Last December, GoFintech agreed to buy 22.5% of the asset manager for HK$1.1 billion by issuing new stock. Shareholders of both GoFintech and Wealthink approved the deal in July. It’s not clear if the transaction has already closed, or if it’s still pending. But if and when the deal closes, GoFintech will include its share of CSOP Asset Management’s profit in its own income statement.
CSOP Asset Management is one of the largest issuers of exchange-traded funds (ETFs) in Hong Kong, reporting revenue of HK$677 million in the first nine months of last year and a net profit of HK$253 million.

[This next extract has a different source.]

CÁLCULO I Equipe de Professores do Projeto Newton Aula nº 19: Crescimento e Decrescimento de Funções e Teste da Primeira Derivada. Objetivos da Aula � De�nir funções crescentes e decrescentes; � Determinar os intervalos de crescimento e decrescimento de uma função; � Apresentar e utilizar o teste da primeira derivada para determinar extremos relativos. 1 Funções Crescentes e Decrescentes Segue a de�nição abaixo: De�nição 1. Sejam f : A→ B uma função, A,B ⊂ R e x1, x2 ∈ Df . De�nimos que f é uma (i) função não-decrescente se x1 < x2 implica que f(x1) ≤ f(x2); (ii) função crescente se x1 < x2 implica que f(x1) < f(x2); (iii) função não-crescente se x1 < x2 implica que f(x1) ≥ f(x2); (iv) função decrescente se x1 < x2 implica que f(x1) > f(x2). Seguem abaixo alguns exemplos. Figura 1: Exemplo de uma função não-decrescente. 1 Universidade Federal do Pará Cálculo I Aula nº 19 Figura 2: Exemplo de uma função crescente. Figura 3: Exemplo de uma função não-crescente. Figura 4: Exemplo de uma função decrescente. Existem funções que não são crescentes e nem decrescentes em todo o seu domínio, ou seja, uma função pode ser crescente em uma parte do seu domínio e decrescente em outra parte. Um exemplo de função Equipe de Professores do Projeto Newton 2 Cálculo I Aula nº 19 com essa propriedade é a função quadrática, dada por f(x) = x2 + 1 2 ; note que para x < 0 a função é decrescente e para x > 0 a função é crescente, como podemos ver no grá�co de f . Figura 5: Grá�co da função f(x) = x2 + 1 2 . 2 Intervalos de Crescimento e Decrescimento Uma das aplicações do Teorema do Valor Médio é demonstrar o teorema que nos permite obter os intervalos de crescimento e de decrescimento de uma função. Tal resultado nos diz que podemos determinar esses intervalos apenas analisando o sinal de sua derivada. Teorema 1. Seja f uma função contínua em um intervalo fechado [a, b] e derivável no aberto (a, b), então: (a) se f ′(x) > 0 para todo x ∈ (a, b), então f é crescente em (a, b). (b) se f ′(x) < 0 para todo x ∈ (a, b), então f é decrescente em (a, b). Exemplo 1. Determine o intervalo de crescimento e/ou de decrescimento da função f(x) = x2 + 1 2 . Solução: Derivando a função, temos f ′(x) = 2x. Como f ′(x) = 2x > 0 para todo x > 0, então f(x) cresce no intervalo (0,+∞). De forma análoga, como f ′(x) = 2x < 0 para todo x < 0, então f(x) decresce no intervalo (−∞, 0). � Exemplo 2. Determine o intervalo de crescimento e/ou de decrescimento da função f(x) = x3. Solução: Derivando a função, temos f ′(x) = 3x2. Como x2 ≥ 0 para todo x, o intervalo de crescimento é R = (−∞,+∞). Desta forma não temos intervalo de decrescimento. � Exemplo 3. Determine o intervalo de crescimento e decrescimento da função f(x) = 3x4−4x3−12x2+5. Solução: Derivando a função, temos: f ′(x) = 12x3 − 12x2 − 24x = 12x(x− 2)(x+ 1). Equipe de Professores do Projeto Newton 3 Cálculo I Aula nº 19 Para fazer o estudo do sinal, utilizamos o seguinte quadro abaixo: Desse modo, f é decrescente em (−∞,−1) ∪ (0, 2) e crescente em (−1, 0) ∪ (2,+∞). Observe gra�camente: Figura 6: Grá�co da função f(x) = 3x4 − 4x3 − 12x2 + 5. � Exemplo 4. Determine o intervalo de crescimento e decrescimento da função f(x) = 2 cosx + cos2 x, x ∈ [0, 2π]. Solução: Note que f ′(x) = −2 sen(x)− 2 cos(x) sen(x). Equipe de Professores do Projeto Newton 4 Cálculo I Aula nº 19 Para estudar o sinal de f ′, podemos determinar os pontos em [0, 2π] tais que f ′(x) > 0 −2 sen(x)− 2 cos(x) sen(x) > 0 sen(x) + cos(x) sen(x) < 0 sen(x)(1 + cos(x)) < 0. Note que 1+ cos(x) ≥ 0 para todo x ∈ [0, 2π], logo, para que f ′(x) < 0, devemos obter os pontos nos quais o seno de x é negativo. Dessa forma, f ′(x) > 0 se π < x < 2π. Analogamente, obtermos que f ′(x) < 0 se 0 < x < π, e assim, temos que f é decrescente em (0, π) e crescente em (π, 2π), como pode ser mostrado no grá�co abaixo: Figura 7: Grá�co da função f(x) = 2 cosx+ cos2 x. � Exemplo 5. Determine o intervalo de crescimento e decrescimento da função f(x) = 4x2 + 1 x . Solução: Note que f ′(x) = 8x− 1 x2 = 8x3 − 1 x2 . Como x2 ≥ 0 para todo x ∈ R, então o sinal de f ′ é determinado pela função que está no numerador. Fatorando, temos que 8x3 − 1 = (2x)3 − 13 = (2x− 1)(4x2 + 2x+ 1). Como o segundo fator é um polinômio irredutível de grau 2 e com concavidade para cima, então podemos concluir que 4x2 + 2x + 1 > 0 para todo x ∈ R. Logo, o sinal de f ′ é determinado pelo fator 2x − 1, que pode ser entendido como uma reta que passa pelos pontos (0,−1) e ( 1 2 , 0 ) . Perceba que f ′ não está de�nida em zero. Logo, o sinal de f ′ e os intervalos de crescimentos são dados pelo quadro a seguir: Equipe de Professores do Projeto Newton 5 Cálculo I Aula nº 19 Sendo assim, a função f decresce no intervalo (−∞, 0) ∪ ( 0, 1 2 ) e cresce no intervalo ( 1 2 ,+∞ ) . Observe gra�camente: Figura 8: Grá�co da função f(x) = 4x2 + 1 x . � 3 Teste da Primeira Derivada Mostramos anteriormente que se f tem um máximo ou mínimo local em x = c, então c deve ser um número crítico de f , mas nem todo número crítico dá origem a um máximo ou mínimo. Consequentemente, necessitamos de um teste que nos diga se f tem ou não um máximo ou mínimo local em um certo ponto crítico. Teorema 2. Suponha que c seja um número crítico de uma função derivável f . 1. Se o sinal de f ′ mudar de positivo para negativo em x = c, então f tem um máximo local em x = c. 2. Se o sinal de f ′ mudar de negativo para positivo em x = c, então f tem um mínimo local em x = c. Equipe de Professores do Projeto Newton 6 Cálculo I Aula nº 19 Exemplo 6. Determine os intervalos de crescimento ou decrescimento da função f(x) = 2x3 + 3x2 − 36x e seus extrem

Among GoFintech’s older businesses before all of its new initiatives, securities brokerage and margin financing performed nicely in the first half of its fiscal year. That segment’s revenue jumped more than fivefold year-on-year and its profit rose 326%, likely the result of a renaissance for Chinese stocks this year.
GoFintech shares gained 6.7% in two days after the release of its latest results, showing investors broadly liked the big revenue jump despite the huge margin sacrifice. With those gains, the stock has nearly tripled this year to trade at a trailing price-to-earnings of 78, dwarfing the 19 for more traditional stock brokerages Futu Holdings (FUTU.US) and 13 for UP Fintech (TIGR.US). But that high multiple could come down if GoFintech can quickly boost its profits following its move into new areas and remain in the black after years of losses.
Investors do appear to appreciate GoFintech’s efforts to spread its wings to new niche areas, as reflected by its big stock gains. But if the company fails to sustain its new-found profitability, the recent investor euphoria around its quick revenue growth may evaporate just as fast.